The capacity to integrate genomic and transcriptomic features of cancer cell line models with functional genetic perturbation performed at genome-scale has yielded an unprecedented ability to precisely map the molecular contexts in which cancers display specific (and often unexpected) molecular vulnerabilities.

Paralog lethality across cancers: Redundant essentiality between paralog genes may be therapeutically exploited when one of two copies of an essential paralog pair is somatically deleted in cancer. We have recently reported several such paralog pairs, including the example of MAGOHB, a component of the exon-junction complex that proves essential to maintaining RNA surveillance when its paralog, MAGOH, is somatically deleted.

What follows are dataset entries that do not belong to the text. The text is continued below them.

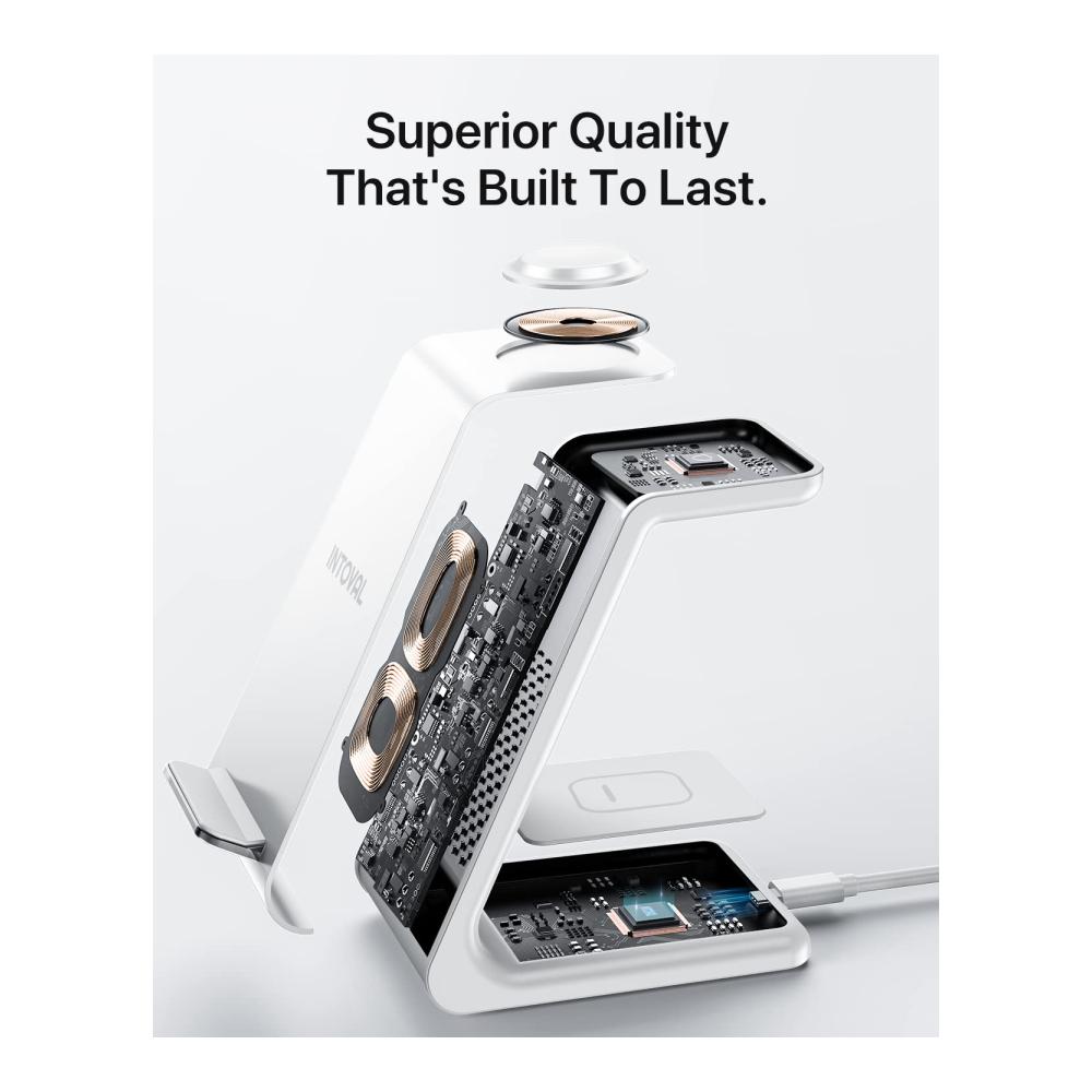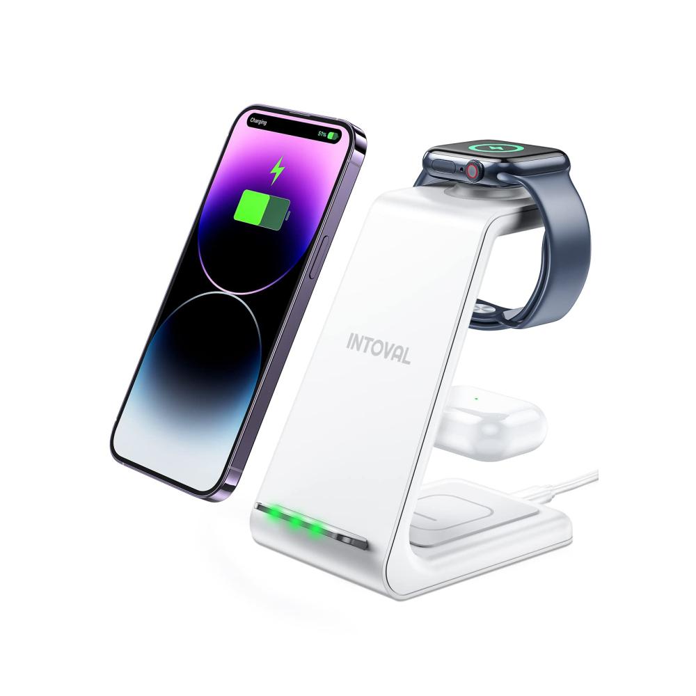 Ein Gerät zum drahtlosen Aufladen von dreien: Laden Sie gleichzeitig Ihre drei Lieblingsgeräte von Apple mit dem Intoval A3 auf. Kein Kabel- und Adapterchaos mehr. 7,5-9W drahtloses Laden für das iPhone, 2-3W für die Apple Watch und 2-3W für AirPods.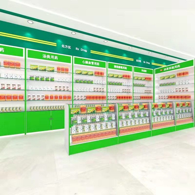 木製中島両面展示棚薬局棚西洋薬棚薬局薬品展示棚診療所処方棚薬棚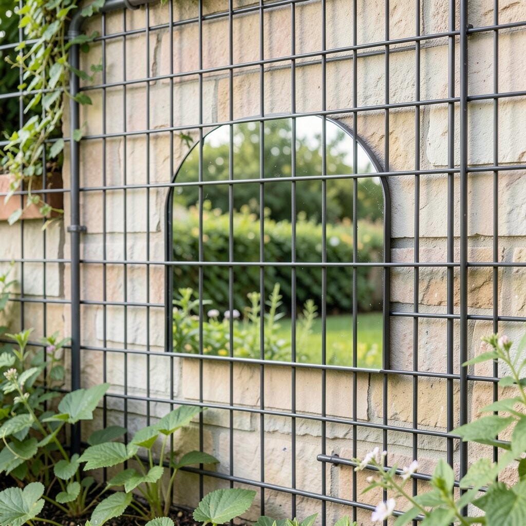 Add depth and light with an outdoor mirror feature. A mirror on a metal grid reflects beauty and space.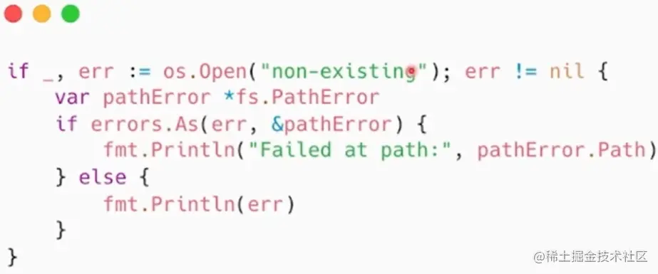 - 在错误链上获取特定种类的错误,使用 errors.As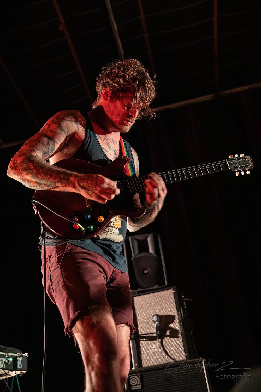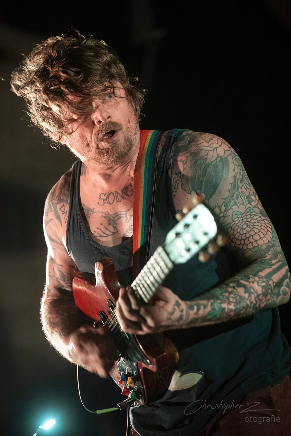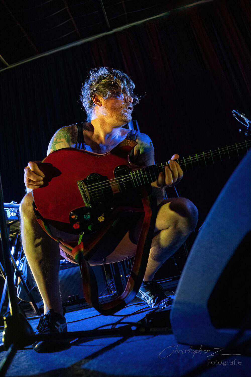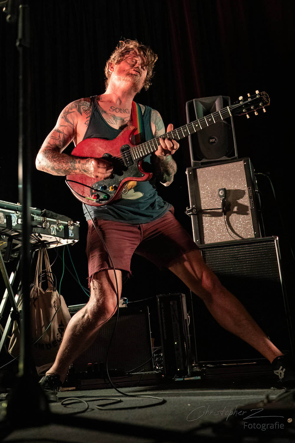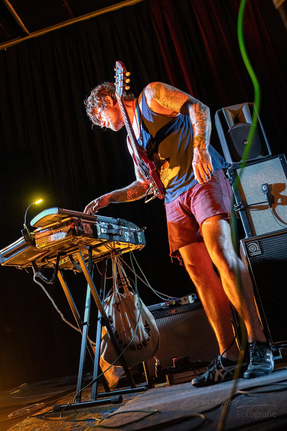A trip that seems to never-end, as Dwyer goes off stage and brings beers back, carefully placing them by his bandmates, he’s in this for the long hall. As psychedelia fades, the harshness of hardcore and eclecticism of experimental returns, Some songs work, others don’t, but we, the passengers don’t care (Sex Pistols reference) as no-one is wanting to get off the Osees Freedom Bus while the devil in a blue singlet, John Dwyer, is in the driving seat.
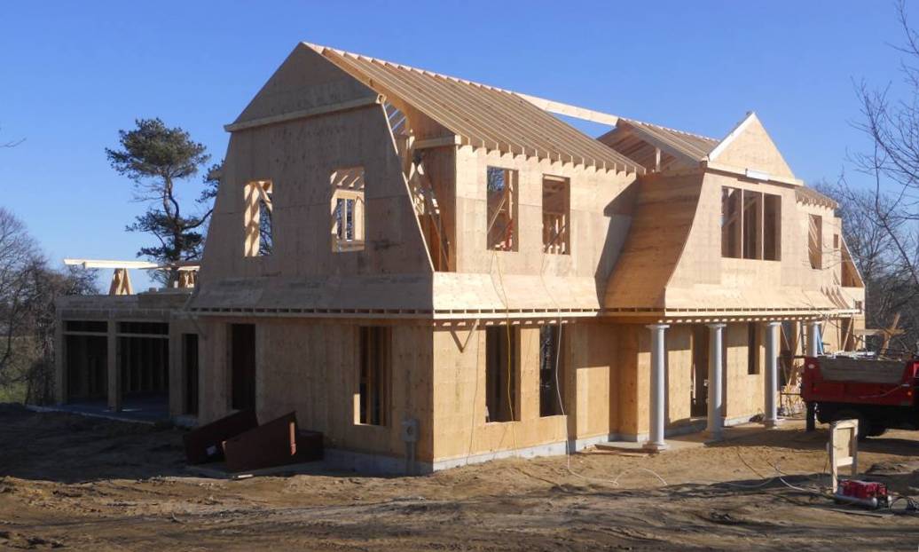 If you are seeing this series of “House on Cape Cod” posts for the first time, today’s post follows two others (and precedes many more) which are memorializing the construction progress on one of our recent projects, a home in Chatham, MA. The homeowner visited the site yesterday and snapped these photos, which show good progress in the roughly three weeks since our previous post. With the gambrel gables framed and the roof planes well established, the form of the roof has taken shape and is marking its silhouette against the sky.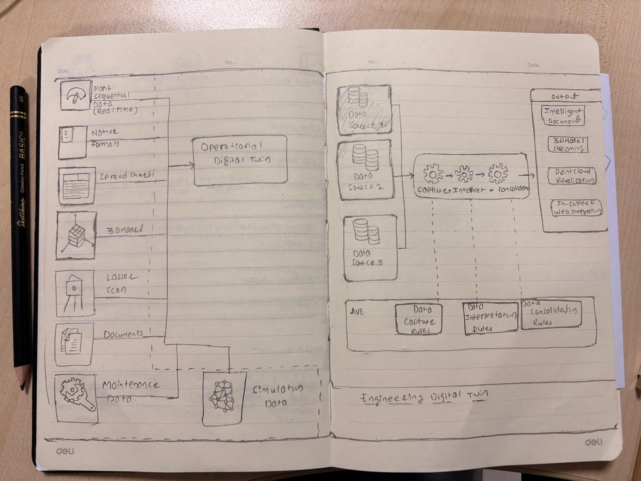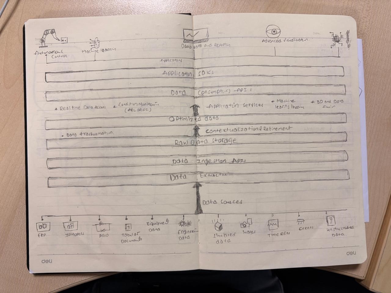 Visual notes on data flow architecture and integration patterns in digital twin systems.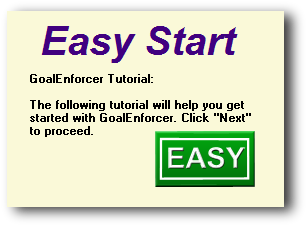 The first time you open GoalEnforcer, the software will take you through the "Easy Start Tutorial." The tutorial walks you through the program step by step, so you'll be ready to go in just a few minutes!

By performing genome-scale genetic screening in models of genitourinary cancer, we aim to uncover novel and therapeutically tractable molecular targets that can inspire the development of the next-generation of therapies for these cancers.

Target discovery in the AR pathway in prostate cancer:
Via genome-scale genetic screening in models of prostate cancer, we recently identified the protein arginine methyltransferase 1, PRMT1,  as a novel regulator of androgen receptor signaling and a potential therapeutic target in prostate cancer. This provides preclinical support for the testing of PRMT inhibitors together with AR antagonists in advanced prostate cancer.

We are applying similar approaches to systematically dissect the vulnerabilities of other genitourinary cancers.